ASKERİN SÖZ HAKKI YOK!

Kanun ve yönetmeliklerde şeffaf bir şekilde düzenlenmesi gereken hususlar Bakanlığa bırakılmış. Bakanlık bu faaliyetleri yürütürken, komisyonların kaç kişiden oluşacağı, buralarda görev alanların kaçının asker, kimlerin hangi kriterler ile bu komisyonlarda görev yaptığının cevabı şeffaf biçimde bilinmiyor. Böyle olunca bakanın ve diğer komutanların bu alanda talimatları var mıdır, yoksa bu faaliyetler özellikle askerlerden bağımsız olarak mı yürütülmek istenmektedir gibi soruları sormamak elde değil.

Türk Silahlı Kuvvetleri’nin icra ettiği harekatlar kadar personel temin ve yetiştirme de önemlidir. Bu nedenle  yapılması gereken bu mülakat komisyonlarının oluşumu, çalışma usul ve esaslarının keyfiliğe, kayırmaya, partizanlığa geçit vermeyecek şekilde kanunla belirlenmesidir. Oysa mevcut Yönetmelikte bile bu hususlar bulunmuyor. Bakanlıkça yayımlanan emirler ile personel alımı yürütülüyor.

Edindiğim bilgi şu: 5 kişilik komisyonda bir asker bulunuyor. 4 Genel Müdür Yardımcısı ile değişik bakanlıklardan Milli Savunma Bakanlığı’na geçmiş kişiler. Askerin söz hakkının hemen hiç olmadığı komisyonun seçimiyle öğrenci alınıyorsa benzeri hadiselerin olmasını engellemek çok da kolay olmayacak.
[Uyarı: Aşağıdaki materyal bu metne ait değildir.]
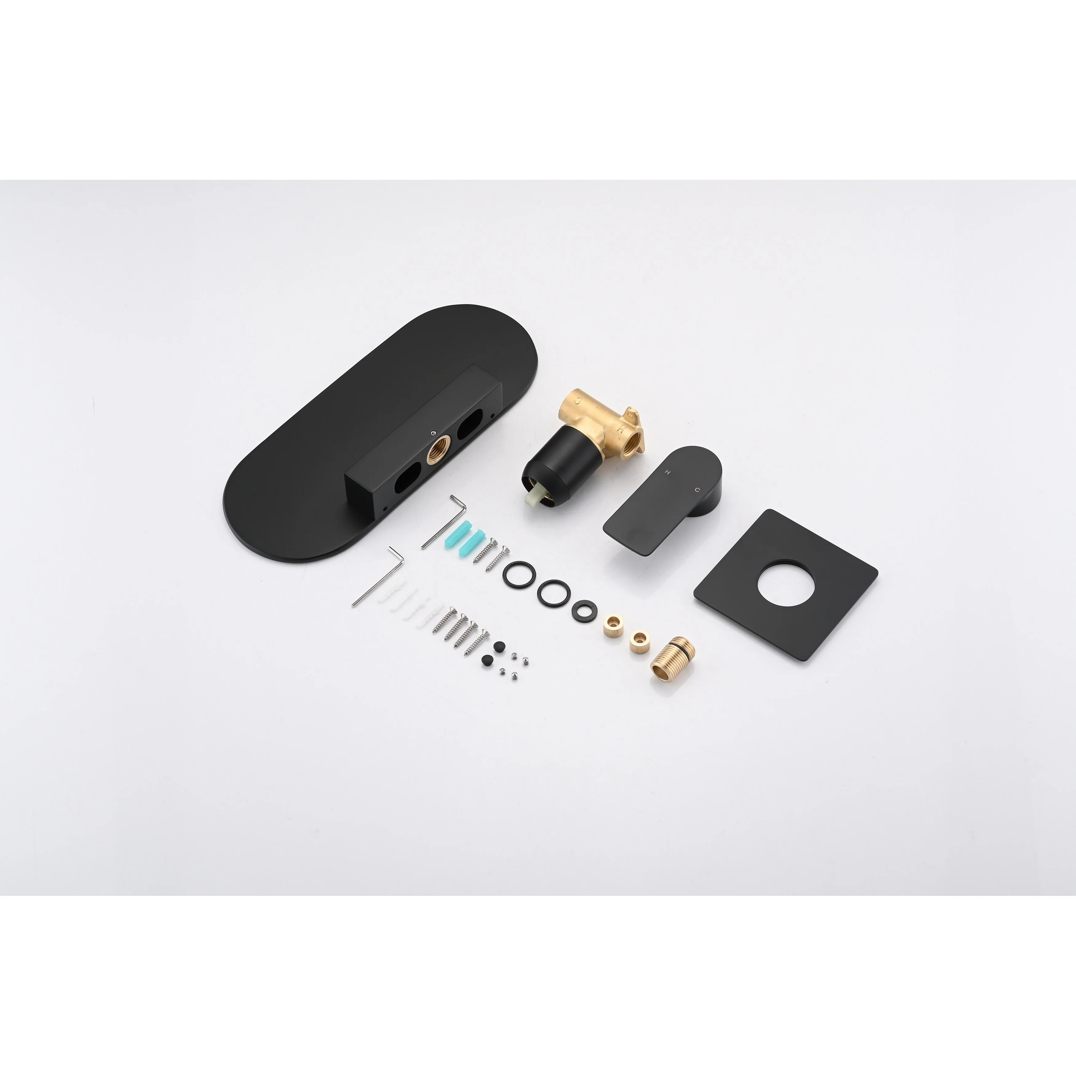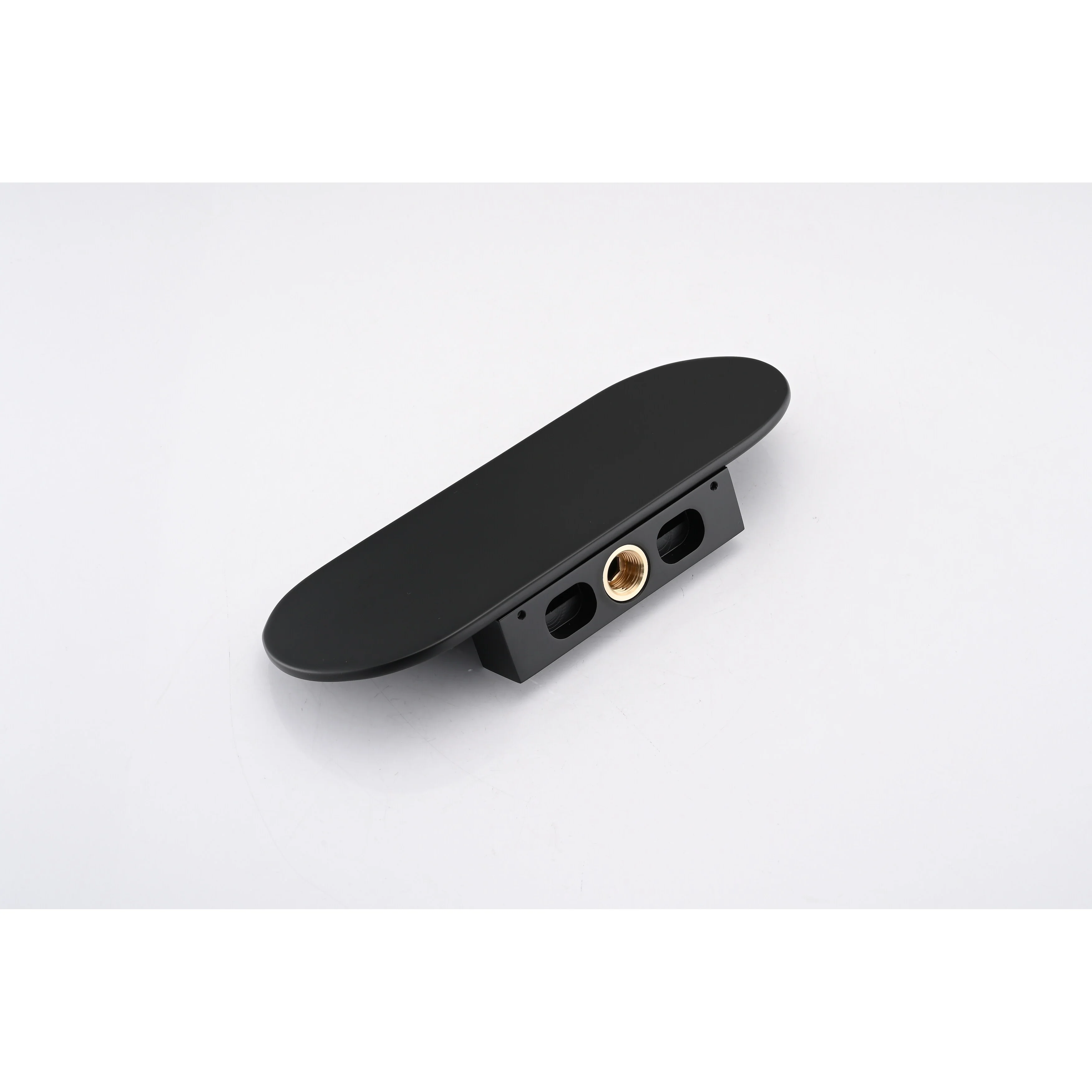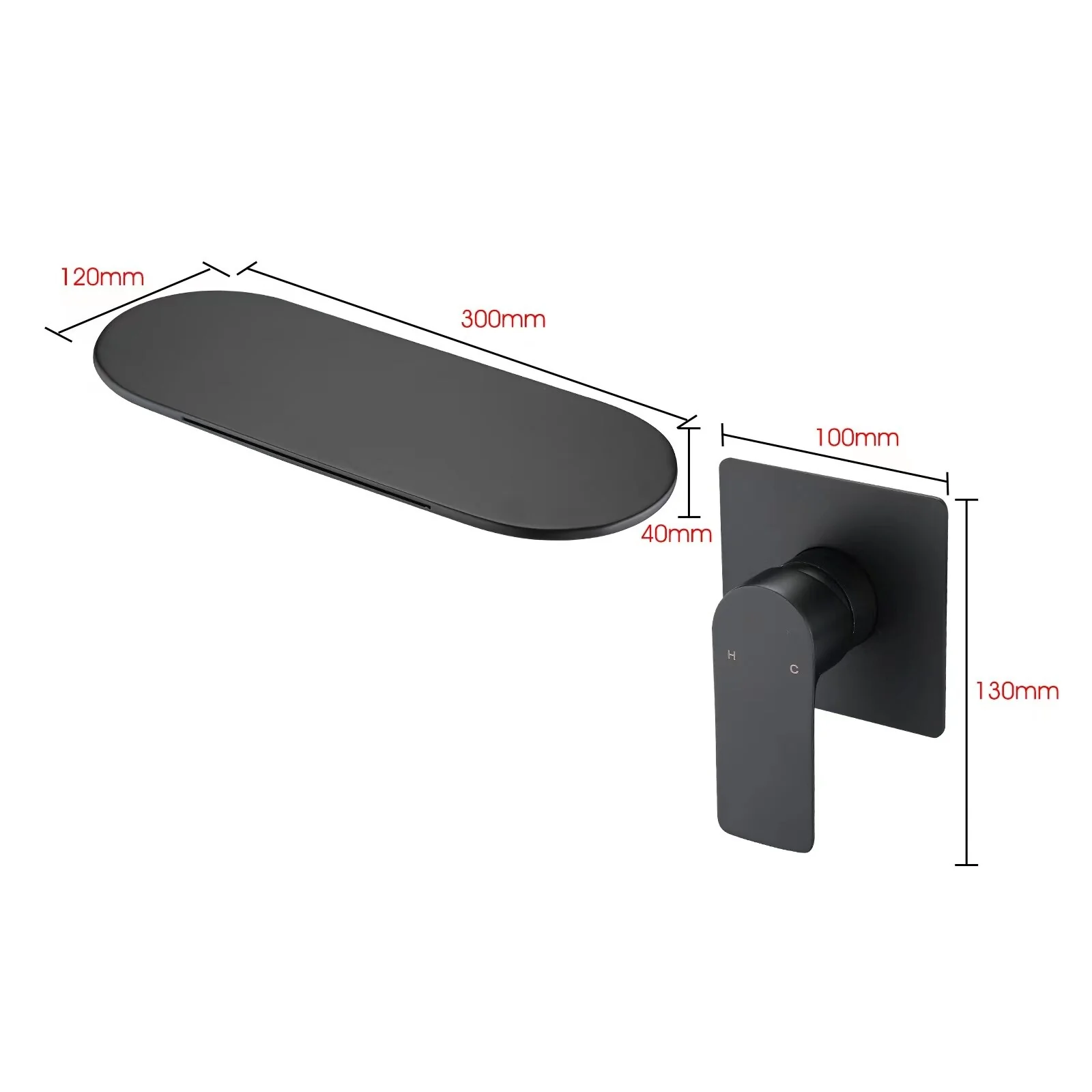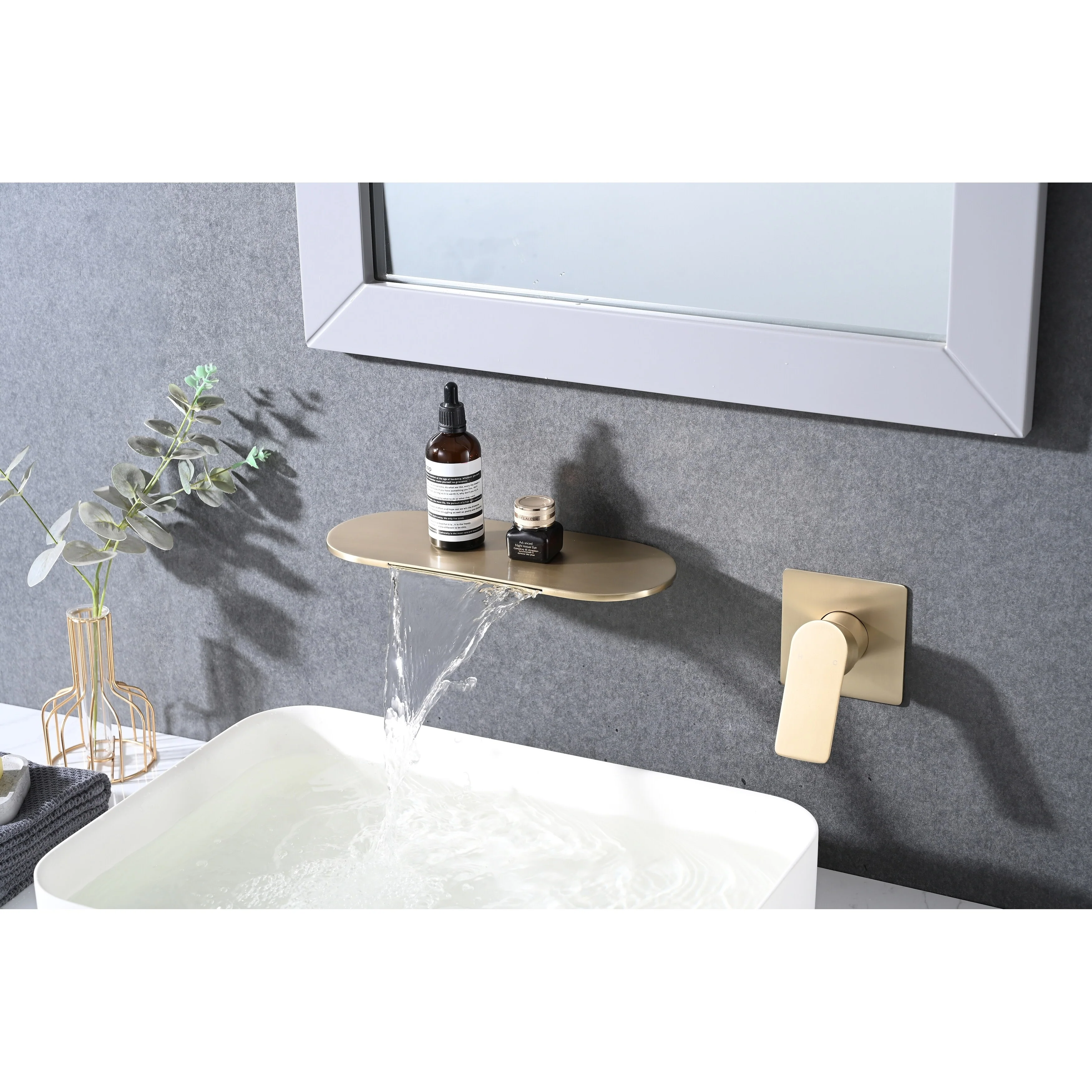 - This wall-mounted waterfall faucet combines a modern design with practical functionality. It features a smooth single-handle operation, independent switch design for flexible placement, and a wide spout that delivers a soft, splash-free stream. The included rough-in valve makes installation more convenient.

Bu durum, kuşkusuz Silahlı Kuvvetlerimizi yıpratacak, tartışma konusu haline getirecek.

 AMAÇ, YEMİNİ VE ATATÜRK’Ü TARTIŞTIRMAK

Askeri Yargıtay, Askeri Yüksek İdare Mahkemesi’nde Savcılık görevinde bulunduğu dönemde, FETÖ’nün kumpasları da başlamıştı. Adli yargıya geçmedi, avukatlığa başladı. Teğmenlerin ritüelinin tüm harbiye mezuniyetlerinde uygulanagelen bir gelenek olduğunu biliyor. Askeri bilen yargı mensubu, gündemde olan yemin tartışması için şunları anlattı:

“Bu yılki yemin, bence bilinçli olarak gündem yapıldı. Amaç, yemini ve Atatürk’ü tartışılır hale getirmek, giderek suç nitelikli politik bir davranış olarak  etiketlemek. Bu alıştığımız bir taktik. Teğmenlerin yemini ile ilgili bazı tereddütlerim var. Evet, bu gençler laik, demokratik cumhuriyetin varlığı ve bekası adına ümidimizi güçlendirdi. Ama şunlara da dikkat edilmeli:

ONLARI NELER BEKLİYOR?

Bu gençler 2020’de Harbiye’ye girdi. Bilinen bir şey var ki Milli Savunma Bakanlığı insan kaynakları seçme değerlendirme kadrolarını dikkate  aldığımızda  2021, 2022, 2023 ve sonrasında alınan öğrencilerin ne kadarı Atatürkçü? Mezun teğmen 960, bunlarından bir kısmı yemine katılmadı. Yemine katılmayanlar neden katılmadı diye düşünülmeli. Bir başka nokta da Atatürkçü teğmenleri kıtada bekleyen atmosfer. Neyle karşılaşacaklar, nelere maruz kalacaklar, takip etmek gerek. (MSB inceleme başlatıldığını açıkladı.) Teğmenlerin yarısı bize ümit verdi. Fakat ordu sadece bu subaylardan oluşmuyor. Giderek farklılaşan yapıyı görünce o civan teğmenlerin korunmaya muhtaç olacağı sonucuna varıyorum. Mutlaka ağır mobbing görecekler.”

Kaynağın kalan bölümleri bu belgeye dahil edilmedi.